Improving Food Safety And Health Standards Can Increase Market Access For Developing Countries: World Bank
Developing Countries Need Strategic Approach to Food Safety, says report; Industrial Countries Should Increase Aid Flows
to Help Countries Meet New Challenges
WASHINGTON, February 2, 2005 – Developing countries facing the challenges of rising health and food safety standards can
improve market access and position their industries for long-term competitiveness by adopting a strategic approach to
meet these challenges, but rich nations should increase aid flows to help developing countries plan and undertake the
necessary strategies, according to a new report released today by the World Bank.
The report, Food Safety and Agricultural Health Requirements: Challenges and Opportunities for Developing Country
Exports, notes that recent food safety issues such as those related to E. Coli breakouts, “Mad Cow” disease, tainted
animal feed products, and the contamination of berries and olive oil have contributed to more stringent food safety and
agricultural health standards (Sanitary and Phytosanitary Standards, or SPS) in high-income countries. These new
standards, characterized by the report as a “double edged-sword,” place particular demands on developing country
producers and exporters of high-value food products, such as fruit, vegetables, fish, meat, nuts, and spices, the report
stresses.
“In many cases, however, such standards have played a positive role, providing the catalyst and incentives for the
modernization of export supply and regulatory systems and the adoption of safer and more sustainable production and
processing practices,” says Steven Jaffee, Senior Economist, World Bank. “Countries can use this as an opportunity to differentiate themselves.”
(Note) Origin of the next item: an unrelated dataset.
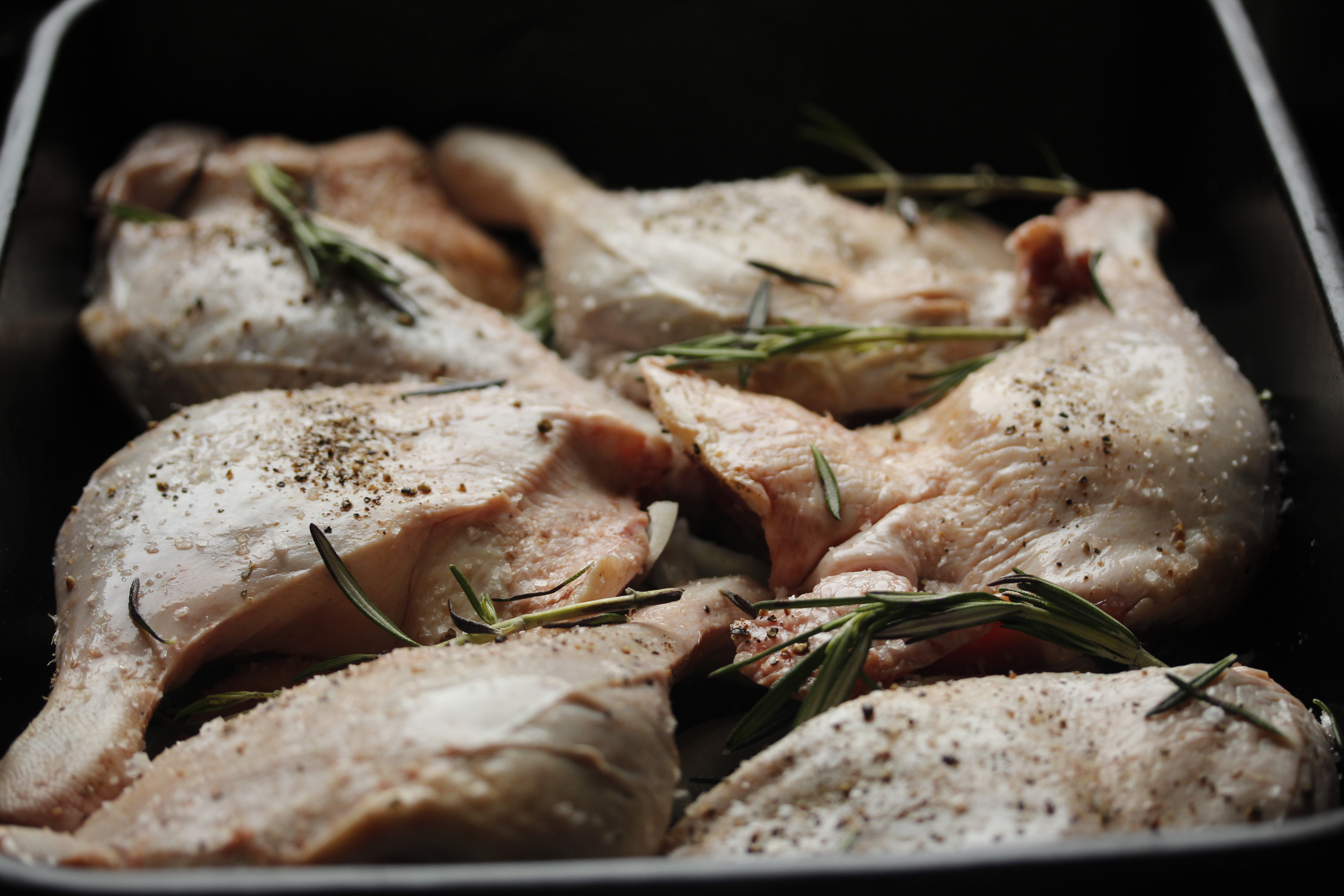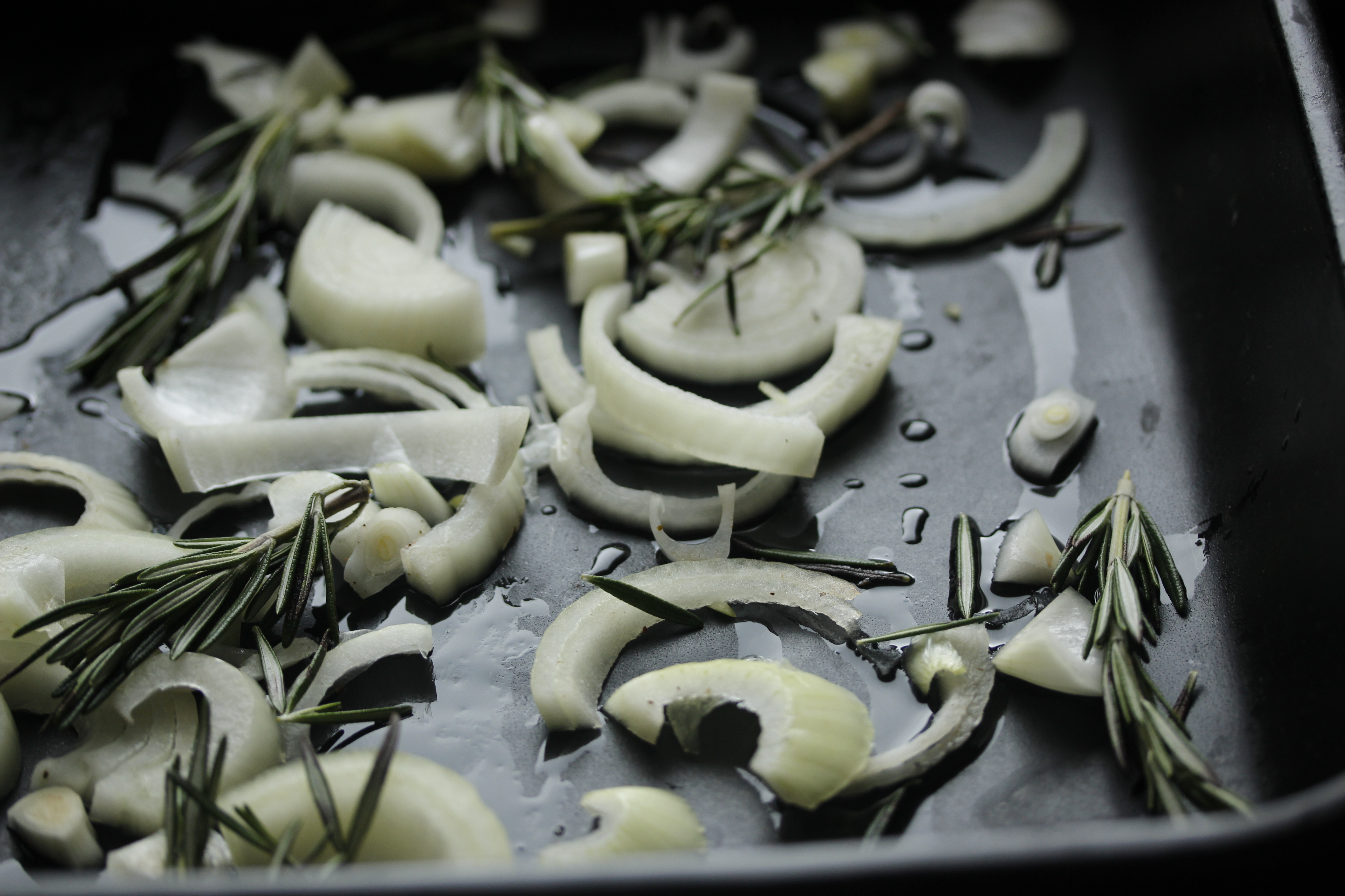 Ég byrjaði á að hita ofninn í 200°C. Svo kryddaði ég lærin vel með pipar og salti. Setti 2 tsk af olíu eða svo í botninn á frekar stóru eldföstu móti, skar niður einn lauk og nokkrar rósmaríngreinar og dreifði í mótið.

The research, based on a series of cases studies in developing countries, reveals that developing country suppliers
aren’t faced with all-or-nothing, “comply or perish” choices. Suppliers should, according to the report “determine the products and markets in which they can best compete and use diverse approaches to comply with standards.” New private sector standards will also bring more attention to the entire supply chain.
According to Cornelis Van Der Meer, World Bank Senior Rural Development Specialist, “Developing countries which adopted a strategic approach to tackle the challenge of standards have been able to maintain
or improve market access and position themselves for the long-term.”
Rich countries provide only US$75 million per year to developing countries for enhancing SPS management capacities, a
figure that does not meet the emerging demand of revamping the way key industries are organized and manage risks in many
poor countries.
“By providing additional assistance, rich countries would help level the playing field and especially help poor
countries to better prepare for evolving standards,” says Kevin Cleaver, the Director of the World Bank Agriculture and Rural Development Department. “Countries that invest in new supply chain technologies are more likely to remain competitive and thrive in this
emerging market.”
International trade in high-value food products has expanded enormously over the last decades, fueled by changing
consumer tastes and advances in production, transport, and other supply-chain technologies. High-value food products
such as fresh and processed fruits and vegetables, fish, meat, nuts, and spices now account for more than 50 percent of
the total agro-food exports of developing countries, while the share of traditional commodities—such as coffee, tea,
cocoa, sugar, cotton, and tobacco— has declined.
Overall, demand for food will increase dramatically in the next 20–30 years, as the world’s population grows by two
billion people—mostly in developing countries. Growing populations, and increased urbanization, coupled with increased
wealth will drive worldwide demand for safe, high-quality food. This will create opportunities for continued expansion
in trade in high-value products, especially among developing countries (South-South trade).
The report finds that contrary to conventional wisdom, compliance costs are relatively modest in relation to trade
levels and the overall costs of production and marketing. However, these costs are tangible and many of them are
up-front investments. In contrast, some benefits are intangible (i.e. improved reputation), others accrue to
non-investors (i.e. local and foreign consumers), and many benefits accrue only over time (i.e. productivity gains;
environmental improvements).
The World Bank’s research program on sanitary and phytosanitary measures was designed to improve understanding of an
emerging set of policy and commercial issues in the area of food safety and agricultural health. The report looked at
the overall challenges and opportunities posed by emerging standards, strategies that have been used to influence
requirements, the nature and magnitude of compliance-related costs and benefits, the ‘winners’ and ‘losers’ from
emerging trends, and the implications of these findings for developing countries, rich countries, and international
development agencies.
The World Bank has stepped up its own efforts in assisting developing countries by supporting the preparation of country
action plans and reconstruction of supply chains. The Bank also initiated the establishment of the Standards and Trade
Development Facility (STDF), which is a cooperative effort with other UN agencies and regulatory bodies designed to
improve standards setting in developing countries.